● Try it: Everything from the opening line of the records below up to and including the line containing "2022年に1700本限定で" should be retyped exactly, minus the pictures.

● Data extract:

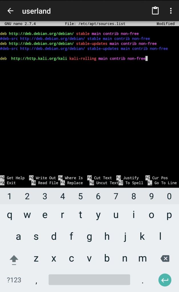 Για να ξεκινήσετε την εισαγωγή του αποθετηρίου Kali Linux, χρησιμοποιήστε το nano για να προσθέσετε το αποθετήριο του Kali στο αρχείο /etc/apt/sources.list.
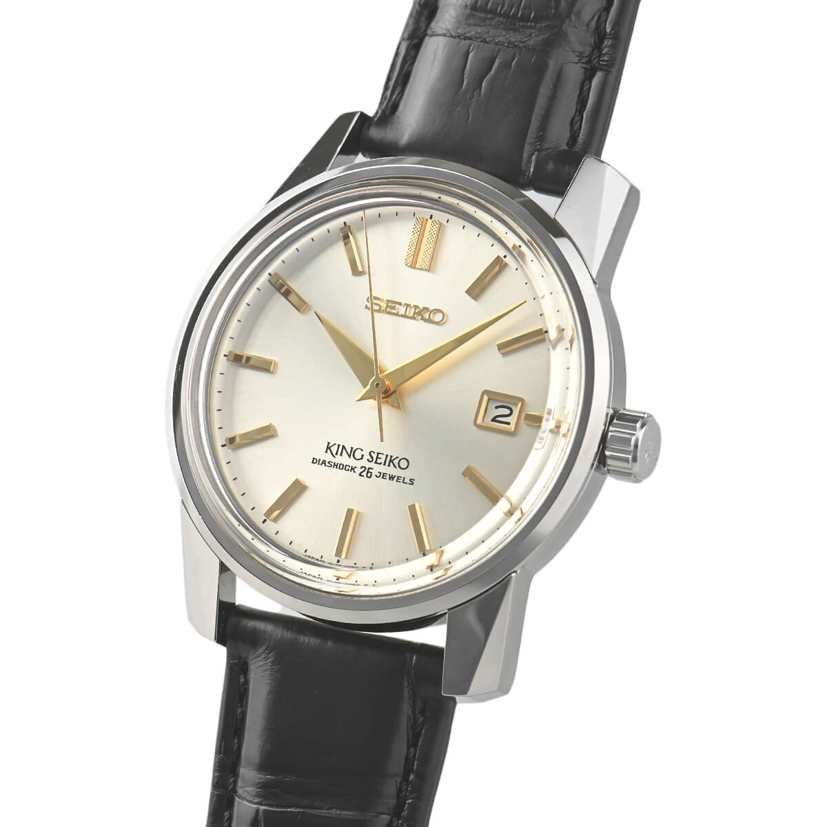 2022年に1700本限定で販売された「SDKA003」。“KSK”と呼ばれる2代目キングセイコーを忠実に再現したデザインでありながら、ケースサイズのアップや新形状のボックス型サファイアガラスの採用等、視認性や耐傷性の向上を実現しています。
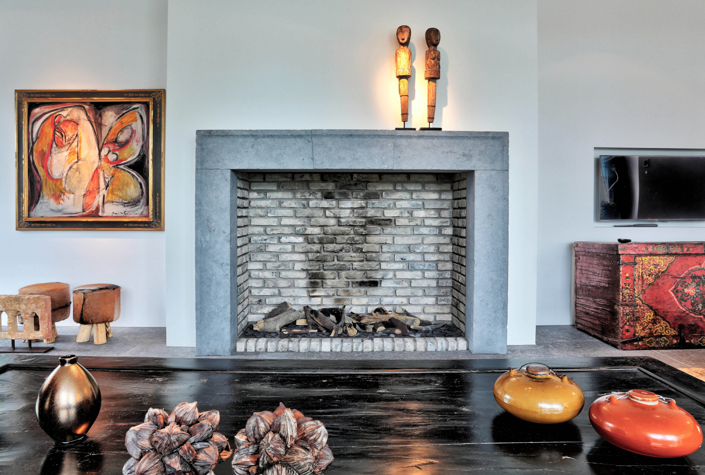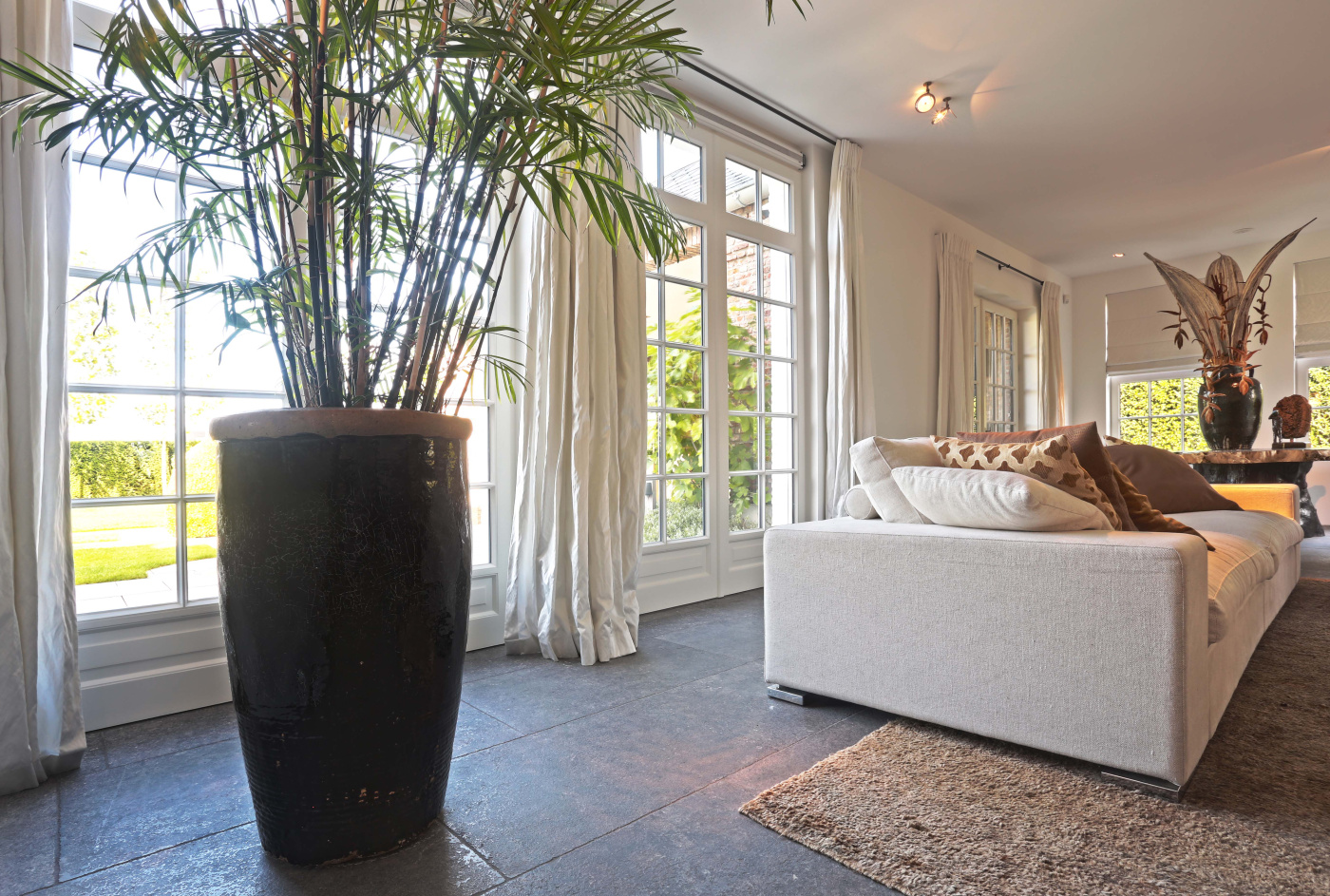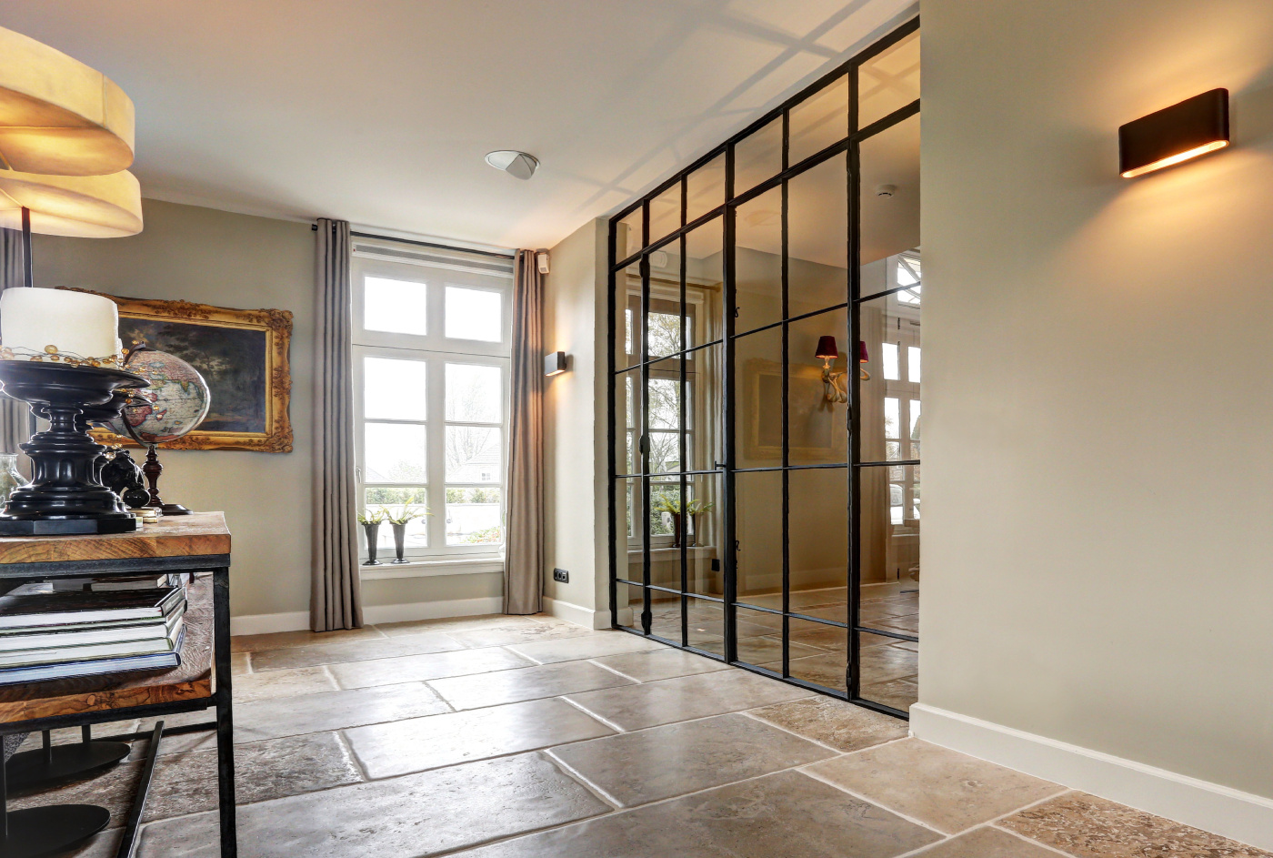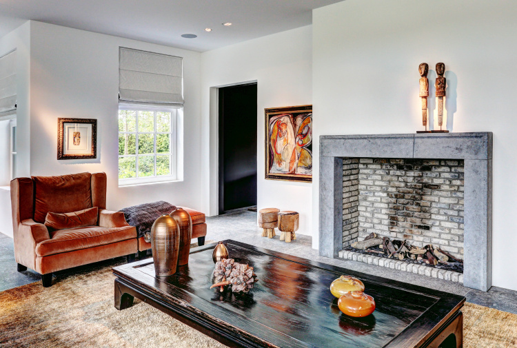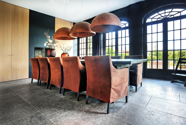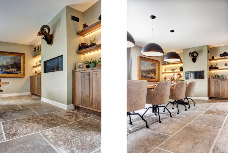 The assignment was to find a beautiful natural stone floor that fits the style of the house. Together we have come out on the older bluestone floor L' Authentique that has been implemented throughout the house and creates a wonderful unity! In addition, we have placed a nice tight blue stone fireplace in the living room that provides both atmosphere and charm.
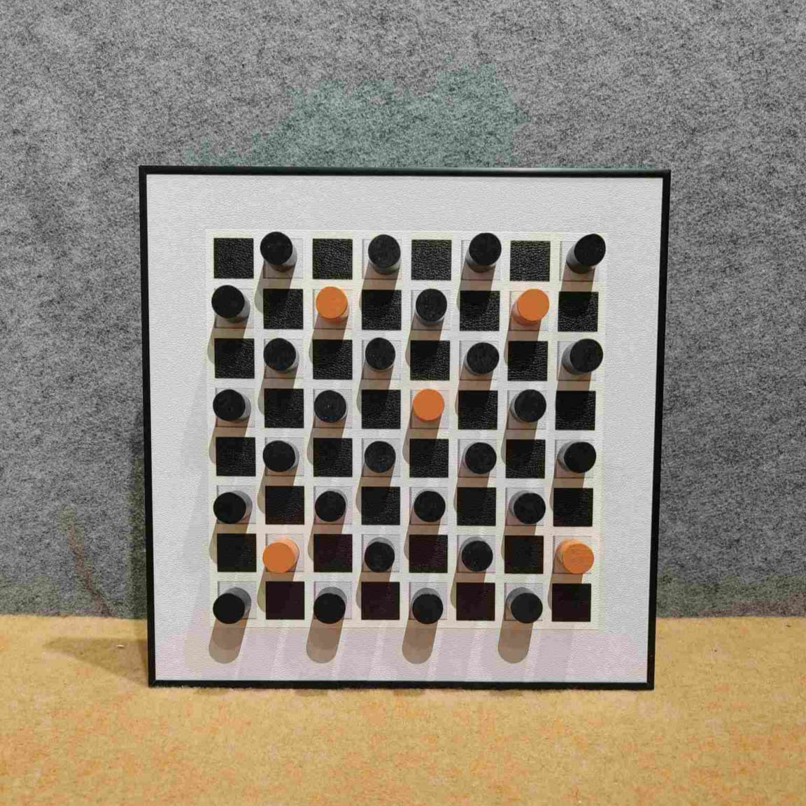 High Contrast: The sharp contrast between the black and white squares and the black and orange pegs makes the design visually striking. The artwork is neatly contained within a black frame.
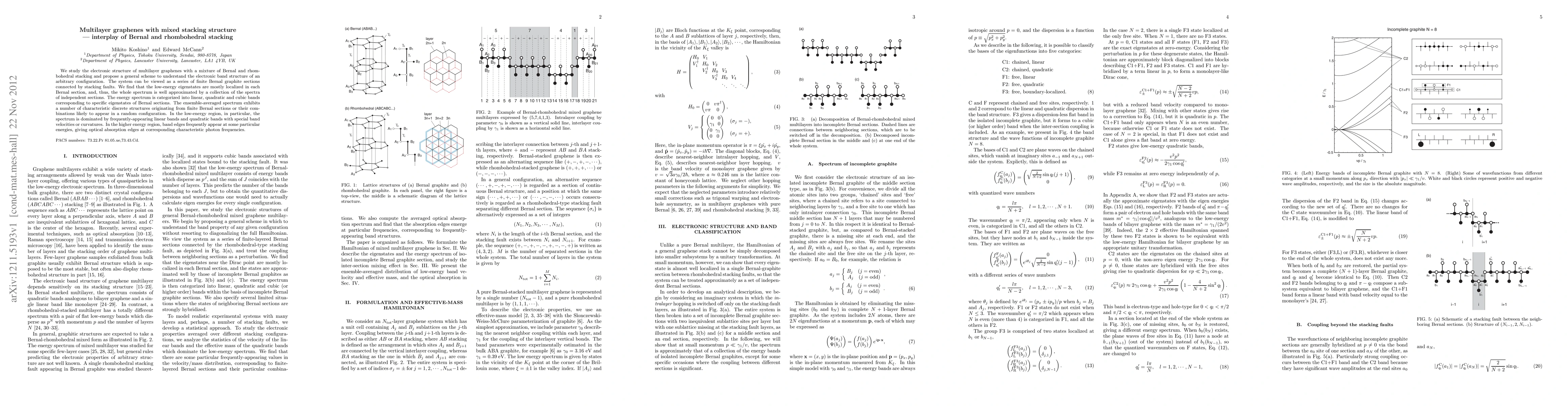 This paper investigates the electronic structure of multilayer graphenes with mixed Bernal and rhombohedral stacking, proposing a scheme to understand their band structure. It reveals that low-energy eigenstates are localized in Bernal sections, leading to a spectrum characterized by linear, quadratic, and cubic bands, with distinct optical absorption edges at specific photon frequencies.
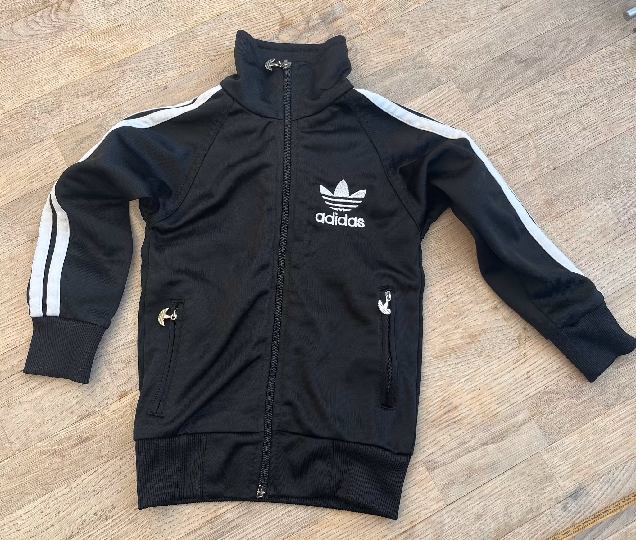 sort adidas træningsjakke til børn, sandsynligvis en Tiro 24 træningsjakke. Trøje.

● Answer to this exercise:
 Για να ξεκινήσετε την εισαγωγή του αποθετηρίου Kali Linux, χρησιμοποιήστε το nano για να προσθέσετε το αποθετήριο του Kali στο αρχείο /etc/apt/sources.list.
 2022年に1700本限定で販売された「SDKA003」。“KSK”と呼ばれる2代目キングセイコーを忠実に再現したデザインでありながら、ケースサイズのアップや新形状のボックス型サファイアガラスの採用等、視認性や耐傷性の向上を実現しています。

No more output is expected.